Top Dead Center According To Bruce Lancaster

So I’ve heard the mark on a Flathead crank pulley coordinates with top dead center. I’ve also heard at times that it coordinates with 2-degrees before top dead center and yet other times I’ve heard it coordinates with four degrees before top dead center. I’m fine tuning the timing on the new motor in the ’39 and became curious as to the truth of the matter. I didn’t want to bug Keith yet again, so I figured I would ask someone else that I know… Someone else that seemingly knows EVERYTHING about everything – Bruce Lancaster.

His response was so wonderful I figured I had better do my job and share it with the world.
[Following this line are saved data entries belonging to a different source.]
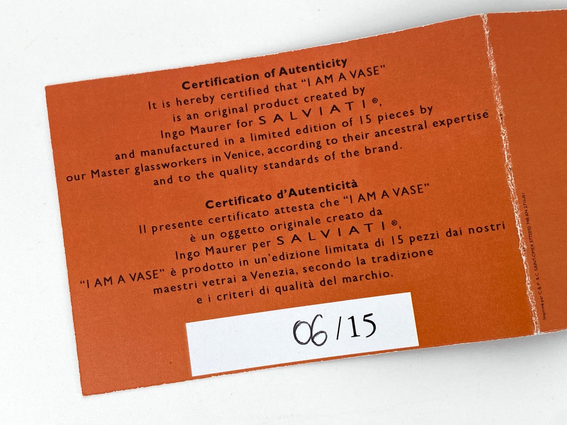 Signierte und nummerierte Glasskulptur / Glasvase "I am a Vase" von Ingo Maurer für Salviati, 2001
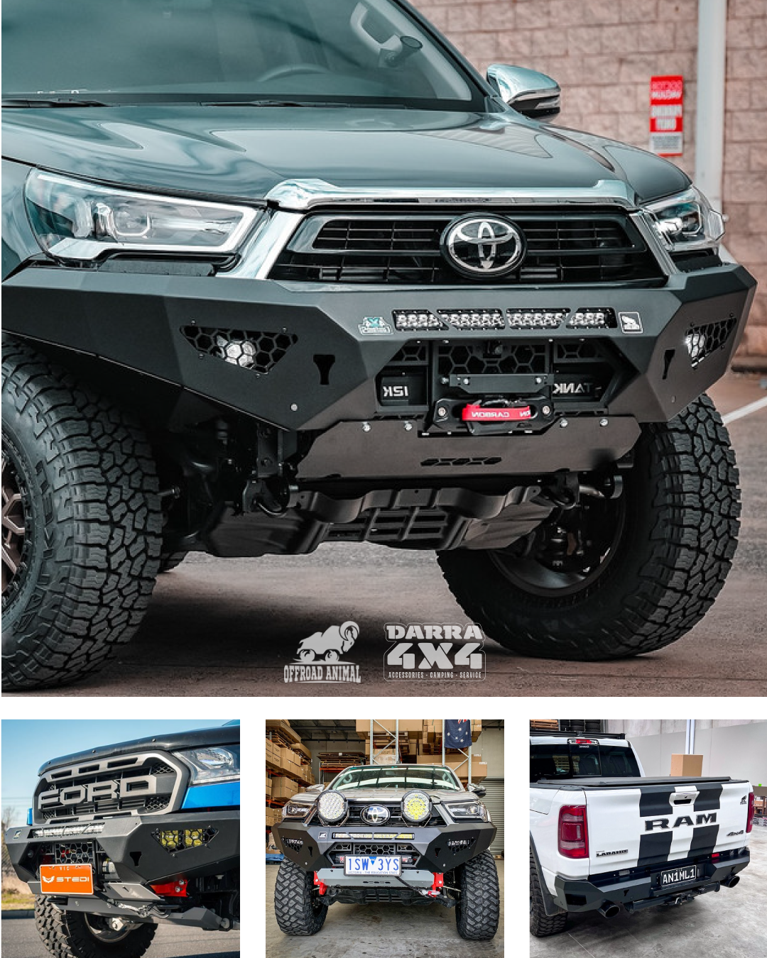 Offroad Animal Bumpers combine heavy-duty steel construction with a modern, rugged design. Engineered for tough terrain, they provide excellent protection while offering mounts for essential off-road accessories.
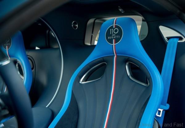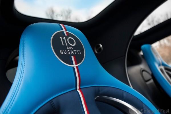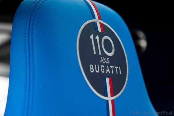 Carbon fibre is also be found on the nacelle, steering wheel, steering column and seat trims. The interior is upholstered in soft Deep Blue leather. The door trims, sides and seat areas of the sports seats are covered in Alcantara. Bright French Racing Blue elements on the contours of the seats, stowage compartments, belt trims and the leather of the window buttons provide a sporting contrast. The key of the “110 ans Bugatti” is surrounded by three sewn leather patches in the colours of the tricolour.
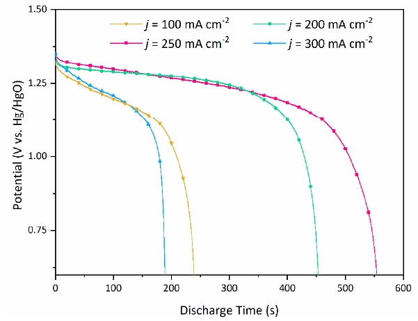 The electrochemical properties of the prepared electrolytic zinc powder samples were investigated using the galvanostatic discharge of the prepared zinc anode at current density of 250 mA cm-2. As above mentioned, different current density were applied to electrodeposit the zinc powder from zincate solution. Fig. 7 shows the comparison between the different electrolytic zinc samples prepared under different applied current densities. Clearly, the sample prepared at current density of 250 mA cm-2 has longer discharge time than other samples prepared at current densities of 100, 200 and 300 mA cm-2.
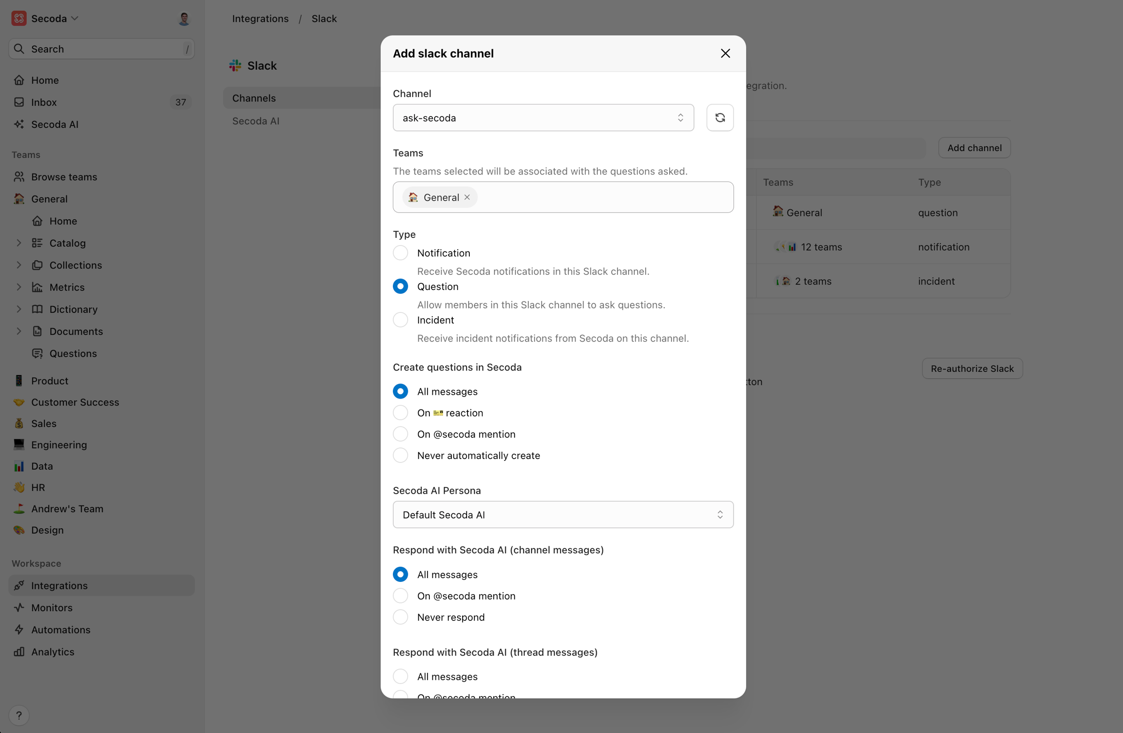 • Setup: Create or select a channel for questions, such as #data-questions. Ensure Secoda is added to the channel to enable bi-directional syncing. Configure the behaviour for pushing threads to Secoda questions and how Secoda AI responds to the questions.

Mark on ’49-up is at 2 degrees crank… If you have an early pulley with notch, it is homemade and needs to be verified. Original mark SHOULD be checked, as not particularly accurate, and engines generally actually like a bit more – like around 4 as the starting point.

Find/verify TDC:

Heads OFF: Bolt a strap across #1, bolt through center to stop piston a ways down the hole. Rotate one way, mark pulley at stopping point, rotate other way, mark. Very accurate TDC is 1/2 way between – mark it.

Heads ON: Slide a large tie-wrap or any sort of lump on a wire through plug hole and against farthest point where it hits the wall. Have apprentice holditthere. Rotate as above… Bump, bump, divide. Repeat a couple times to be sure it is repeatable and your stop isn’t moving. Have apprentice flogged if inaccurate.

Once you have TDC nailed…

Go mug an eighth grader leaving his plane geometry class. Steal his protractor and compass, discard the rest.

Draw a circle on a piece of cardboard matching OD of your pulley. Draw a larger circle around it from same center.
Put protractor on center, draw lines at whatever interval you want – 5 degrees is adequate for estimation, can be as many degree points as you want. Mark off about 30 degrees.

Cut out inner circle, hold your new device over pulley with beginning line at your TDC, mark off rest of degrees. Can be permanent file or chisel marks, or just mark a swath with liquid paper and pencil in the lines.

You now have accurate TDC and permanent or easily re-doable scale for full range checking with a simple timing light.